Supplied data →
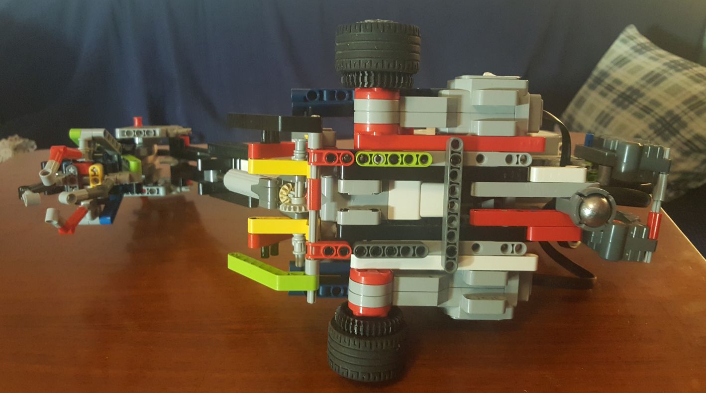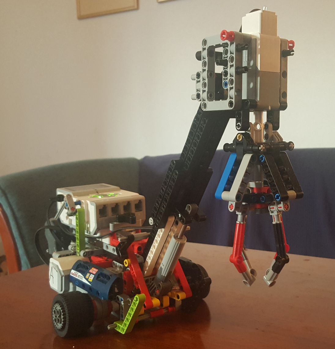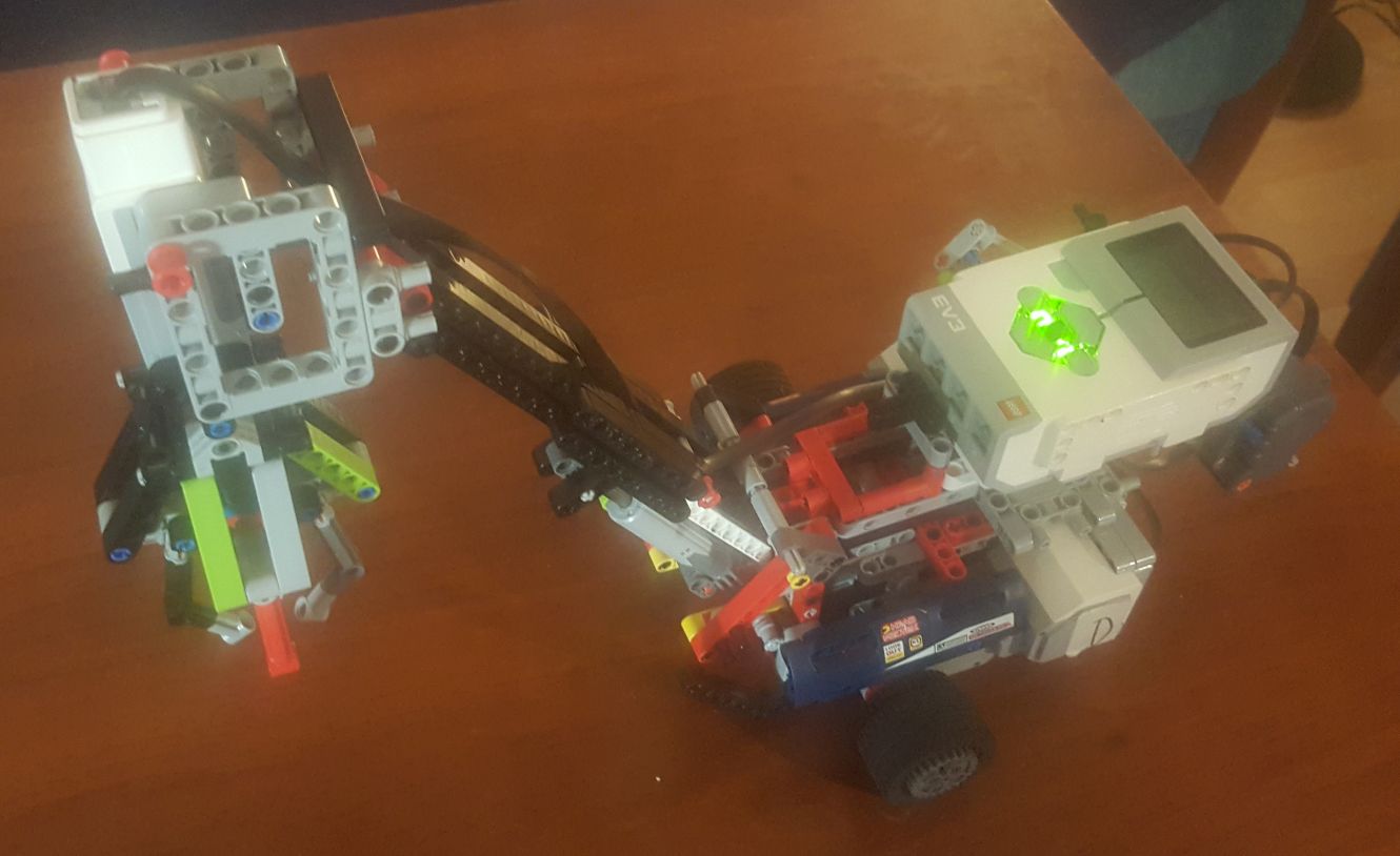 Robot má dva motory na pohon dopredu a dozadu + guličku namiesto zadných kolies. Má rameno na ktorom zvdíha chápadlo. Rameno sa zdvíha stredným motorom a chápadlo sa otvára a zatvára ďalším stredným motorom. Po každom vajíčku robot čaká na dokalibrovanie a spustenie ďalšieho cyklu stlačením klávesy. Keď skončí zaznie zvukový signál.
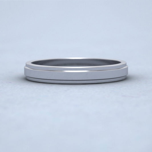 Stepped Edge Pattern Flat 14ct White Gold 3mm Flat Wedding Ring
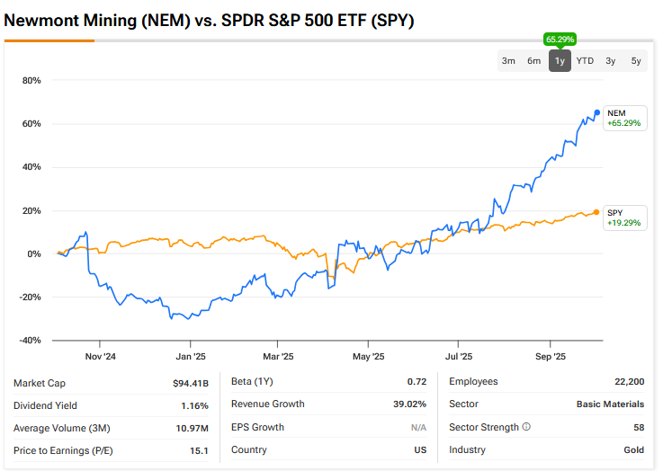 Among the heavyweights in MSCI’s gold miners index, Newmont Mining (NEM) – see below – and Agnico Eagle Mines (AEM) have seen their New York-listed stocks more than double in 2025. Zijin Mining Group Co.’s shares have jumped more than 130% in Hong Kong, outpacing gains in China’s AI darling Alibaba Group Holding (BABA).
==
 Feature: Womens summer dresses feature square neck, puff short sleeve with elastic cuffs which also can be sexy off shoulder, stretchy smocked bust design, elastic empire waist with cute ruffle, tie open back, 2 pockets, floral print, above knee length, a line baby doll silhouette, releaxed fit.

Activity →
Beginning with the line above that contains "Stepped Edge Pattern" and finishing with the line that contains "Among the heavyweights", print those lines exactly and only. Skip all pictures.

Written solution →
 Stepped Edge Pattern Flat 14ct White Gold 3mm Flat Wedding Ring
 Among the heavyweights in MSCI’s gold miners index, Newmont Mining (NEM) – see below – and Agnico Eagle Mines (AEM) have seen their New York-listed stocks more than double in 2025. Zijin Mining Group Co.’s shares have jumped more than 130% in Hong Kong, outpacing gains in China’s AI darling Alibaba Group Holding (BABA).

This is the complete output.